• [Stored data]:
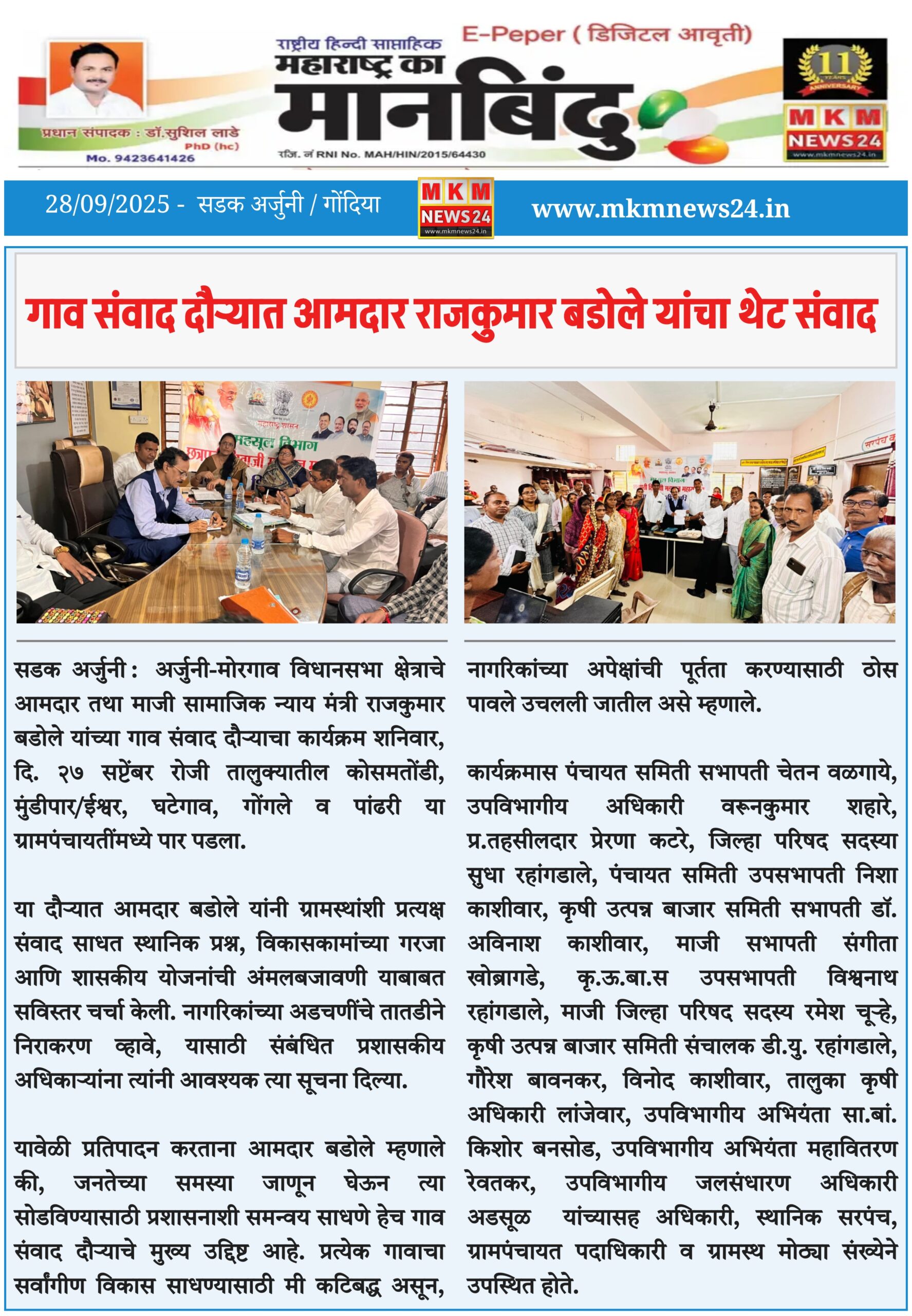 सड़क अर्जुनी गाव संवाद दौऱ्यात आमदार राजकुमार बडोले यांचा थेट संवाद September 28, 2025 editor Post Views: 275
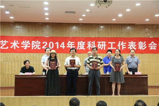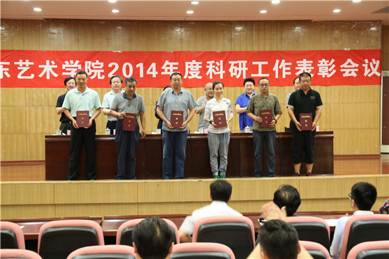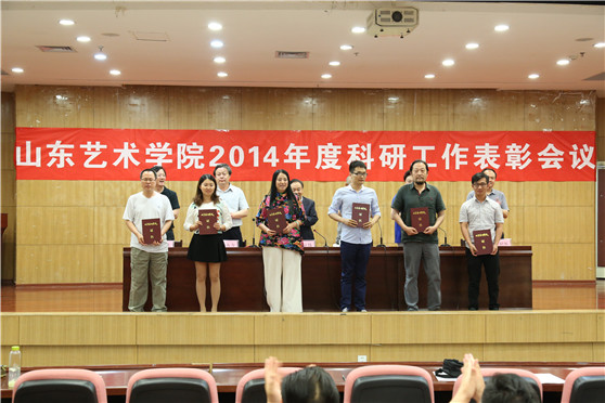 刘大力宣读了《山东艺术学院关于2014年度科研奖励和表彰工作的通报》,共有49名教师获得科研奖励,奖金总额89.47万元。大会对2014年度教师高端科研业绩成果突出的教师进行了表彰,评选出一等奖4名,二等奖9名,三等奖11名。校领导向获奖教师代表颁发了荣誉证书。
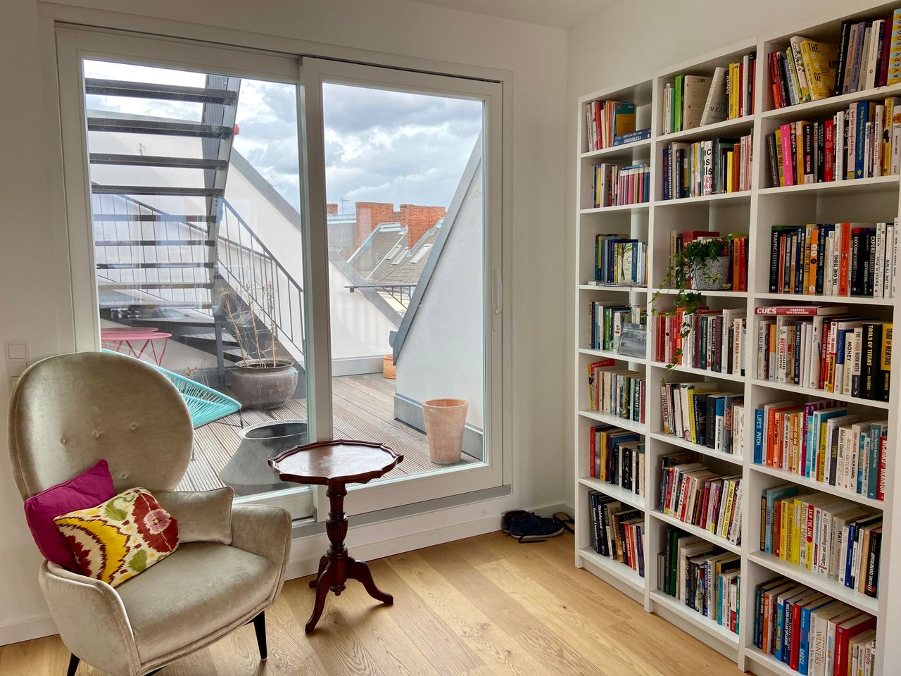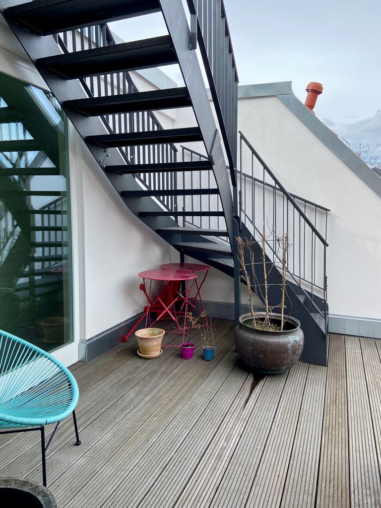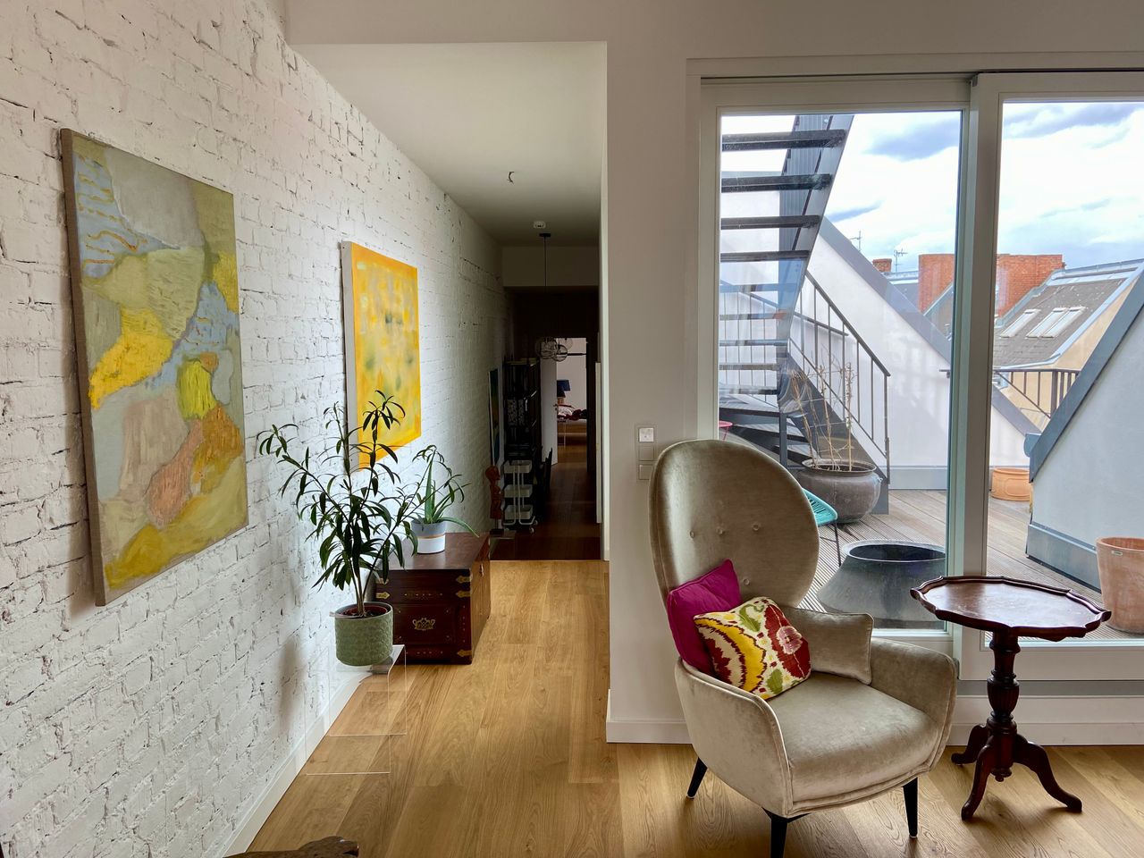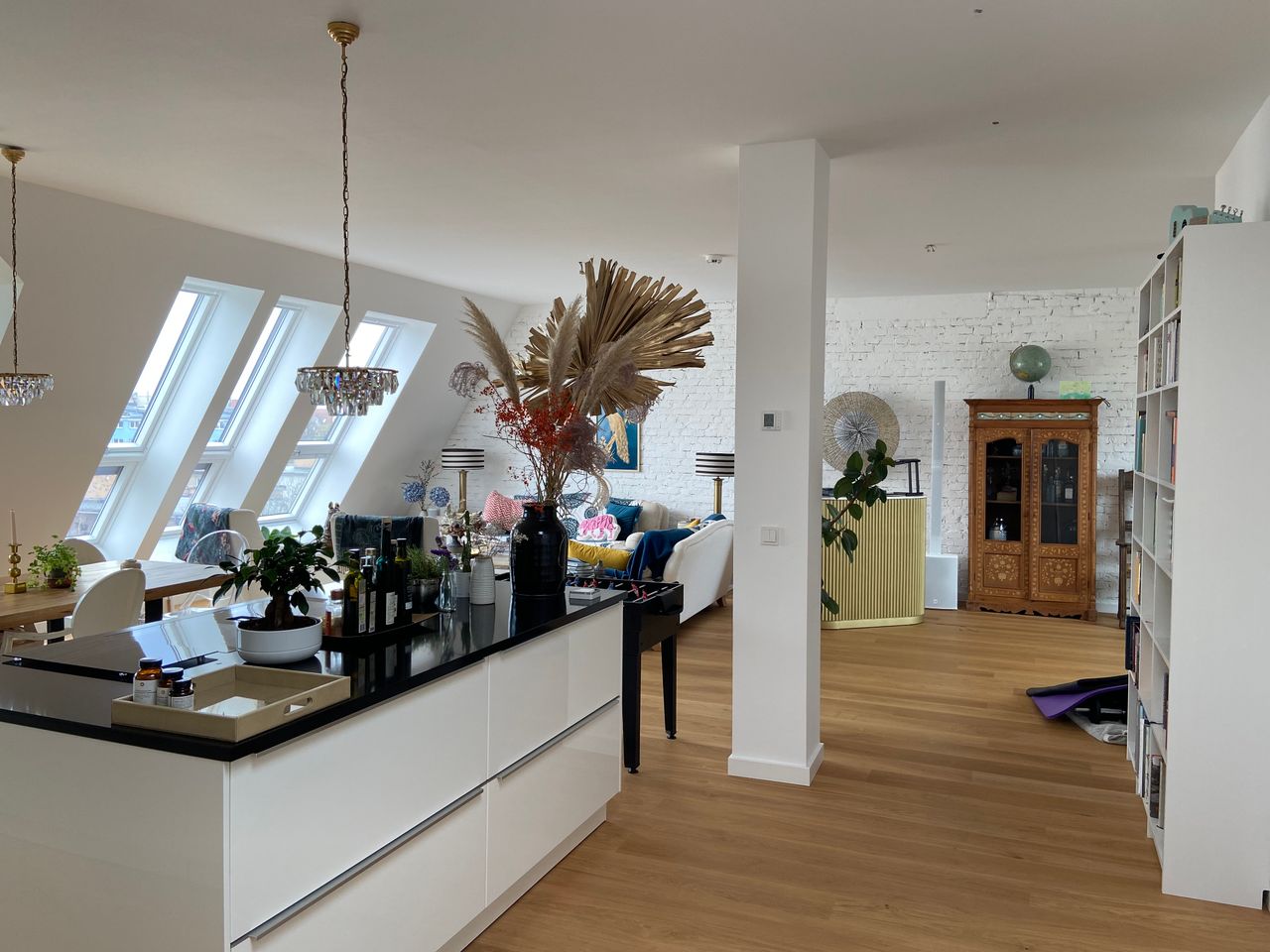 Dieses großzügige, 180 m2 große Dachgeschoss verfügt über einen 80m2 großen, lichtdurchfluteten Wohnbereich mit hochwertiger Küche und Kochinsel sowie 25m freigelegtes Mauerwerk. Vom Balkon geht es auf die große Dachterrasse, die einen unverbauten Blick über die Stadt bietet, wie es ihn nur selten gibt in der Hautstadt: vom Rathaus Schöneberg zum Alex, von Potsdamer Platz und Reichstag zur Gedächtniskirche.

• [What you need to do]:
Put each line of the listing above into the copy exactly, dropping the pictures.

• [Response to the exercise]:
 सड़क अर्जुनी गाव संवाद दौऱ्यात आमदार राजकुमार बडोले यांचा थेट संवाद September 28, 2025 editor Post Views: 275
 刘大力宣读了《山东艺术学院关于2014年度科研奖励和表彰工作的通报》,共有49名教师获得科研奖励,奖金总额89.47万元。大会对2014年度教师高端科研业绩成果突出的教师进行了表彰,评选出一等奖4名,二等奖9名,三等奖11名。校领导向获奖教师代表颁发了荣誉证书。
 Dieses großzügige, 180 m2 große Dachgeschoss verfügt über einen 80m2 großen, lichtdurchfluteten Wohnbereich mit hochwertiger Küche und Kochinsel sowie 25m freigelegtes Mauerwerk. Vom Balkon geht es auf die große Dachterrasse, die einen unverbauten Blick über die Stadt bietet, wie es ihn nur selten gibt in der Hautstadt: vom Rathaus Schöneberg zum Alex, von Potsdamer Platz und Reichstag zur Gedächtniskirche.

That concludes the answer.